日本企業が優良投資家を集められない残念な盲点 「自己資本」「配当性向」という言葉に透ける課題
何がいい投資で、何が悪い投資かというのは、投資を受ける側である企業の主観となるので、「絶対的にいい」投資マネーがあるわけではない。ただあくまで私が考える「優良な投資家」とは、企業の取り組みを深く理解し、本当の優しさ(ときには厳しいこともある)をもって、事業の時間軸を理解して寄り添ってくれる投資家だ。
短期化してしまった資本市場においてはとくに、「事業の時間軸を理解して寄り添う」という行為は容易ではない。
そのような「優良な投資マネー」はけっして多くはないため、世界中で争奪戦が起こっている。そのような投資家に振り向いてもらえるように、オール・ジャパンで取り組みを強化していかねばならない。
その際にいちばん重要な考え方が「他人のお金を預かっている」ことに対する認識であろう。
「自己資本」は非常に誤解を招きやすい言葉
一般的に、会社が大規模化する際には他者から資金を集めて元手としている。そのなかでも、より幅広く不特定多数から資金を集めているのが上場企業だ。

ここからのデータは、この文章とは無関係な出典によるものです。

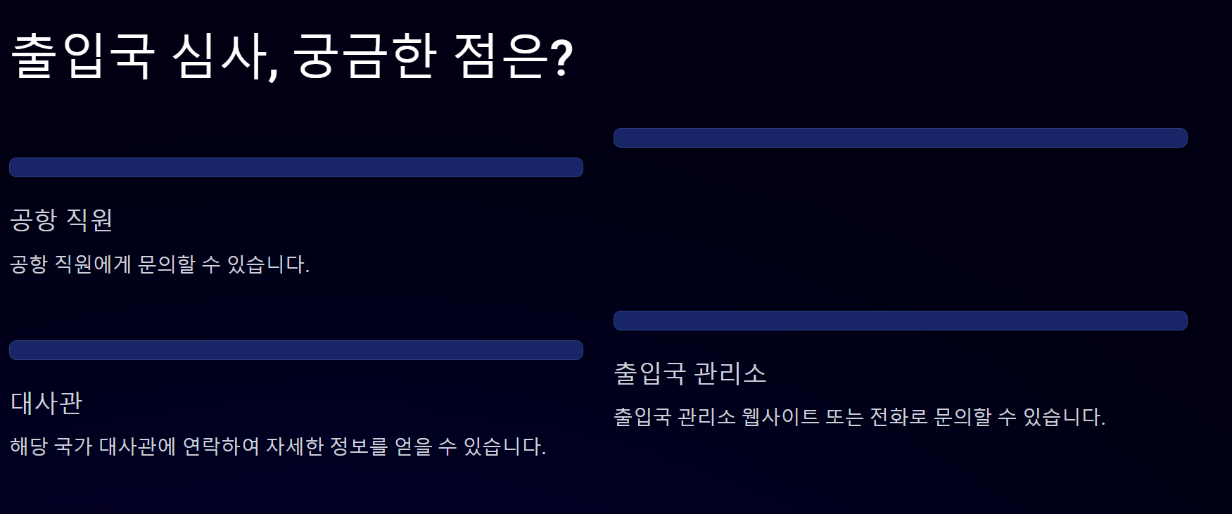 | 입국 목적 애매한 답변 | 심사관의 의심을 살 가능성 있음 | 단순하고 명확하게 답변 |
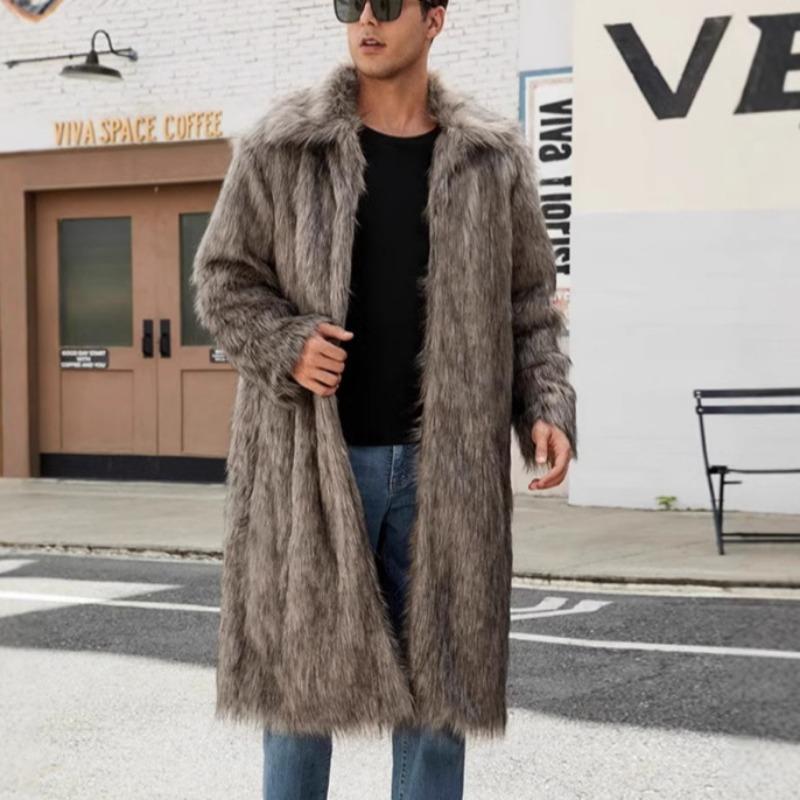 Herren Grau Kunstpelz Trenchcoat Revers Mittellang Warmer Wintermantel — günstig online bei Joom kaufen
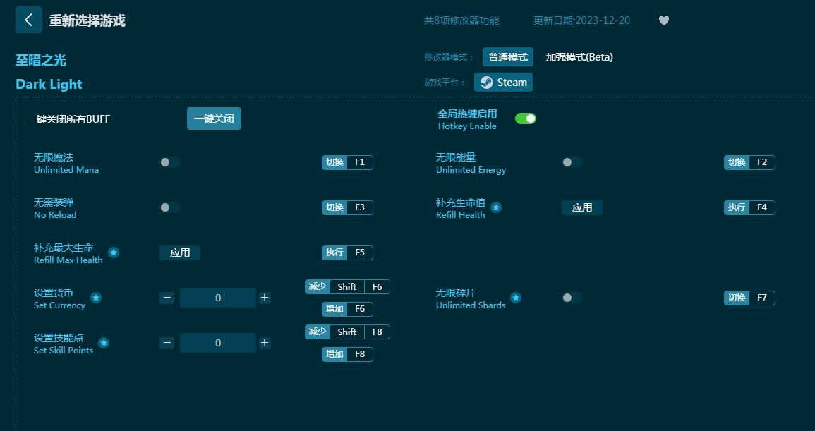 《至暗之光修改器》为硬核2D动作游戏《至暗之光》打造,至暗之光是一款包含魂系列和银河恶魔城类游戏元素的硬核动作游戏。这款《至暗之光修改器》能为玩家们提供无限魔法,无需装弹,无限能量,补充生命值,无限碎片,最大生命等八项强力功能,玩家使用后游戏战斗更轻松爽快!感兴趣的朋友不要错过,六蓝小编推荐大家下载体验!
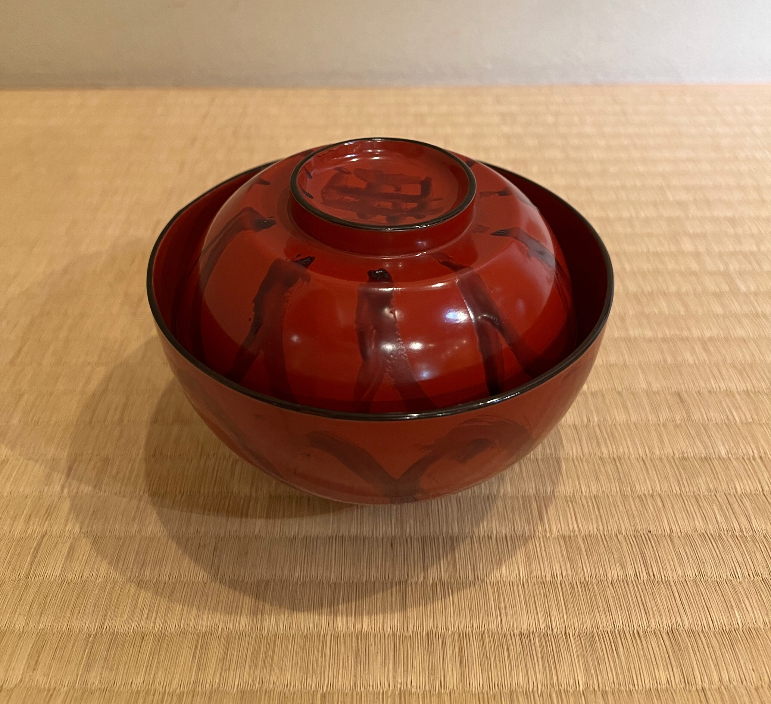 本作品は菊文の御膳とともに伝わったお椀です。お椀(煮物椀)は懐石料理や茶事の中でも最も重要なものとなっています。魯山人先生は戦時中、窯から火が出せないこともあり石川県山中や富山県の城端塗など漆の作品を多く制作しました。お椀の蓋の摘みの中を芯と言いますが、その部分には菊の筒状花(中央の部分)を簡略に描いたと思われ、それ以外の蓋の部分と身の部分には花弁が描かれている。本作品は昭和30年頃の作品です。
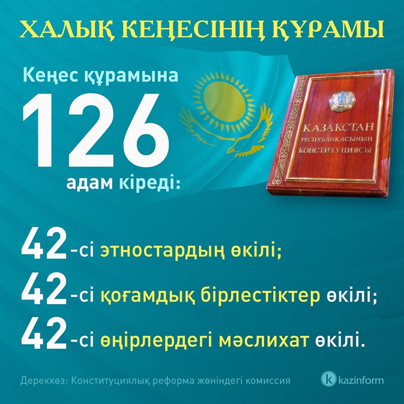 Сонымен, Халық кеңесінде жоғарыда атаған екі қоғамдық институтың жұмысы біріктіріледі. Бұрын атқарған қызметі жаңа сипатқа еніп, Кеңес құрамында қайта топтаспақ. Мысалы, болашақ Халық кеңесінің құрамында 126 мүше болады. Оның ішінде 42 мүшесі елдегі этностардың өкілдері болса, 42-сі қоғамдық бірлестіктерден, тағы 42-сі өңірлердегі мәслихаттардан қосылады.

「ゴーイング・コンサーン」という考え方により、会社がずっと続いていくことを前提にものごとを考えるようになったため、会社を解散してすべての財産を出資者に配分するという機会はほとんどなくなった。そしていつの間にか、他人のお金なのか自分のお金なのかの区別が曖昧になってしまったのだ。
ここを外してしまうと投資家との話がかみ合わなくなってしまうので、少し考察を掘り下げてみたい。
例えば、日本では歴史的に「自己資本」という言葉が使われることが多いのだが、この言葉が非常に誤解を招きやすいので注意が必要だ。日本基準の貸借対照表を見ていただければわかるのだが、実は自己資本という定義はどこにも出てこない。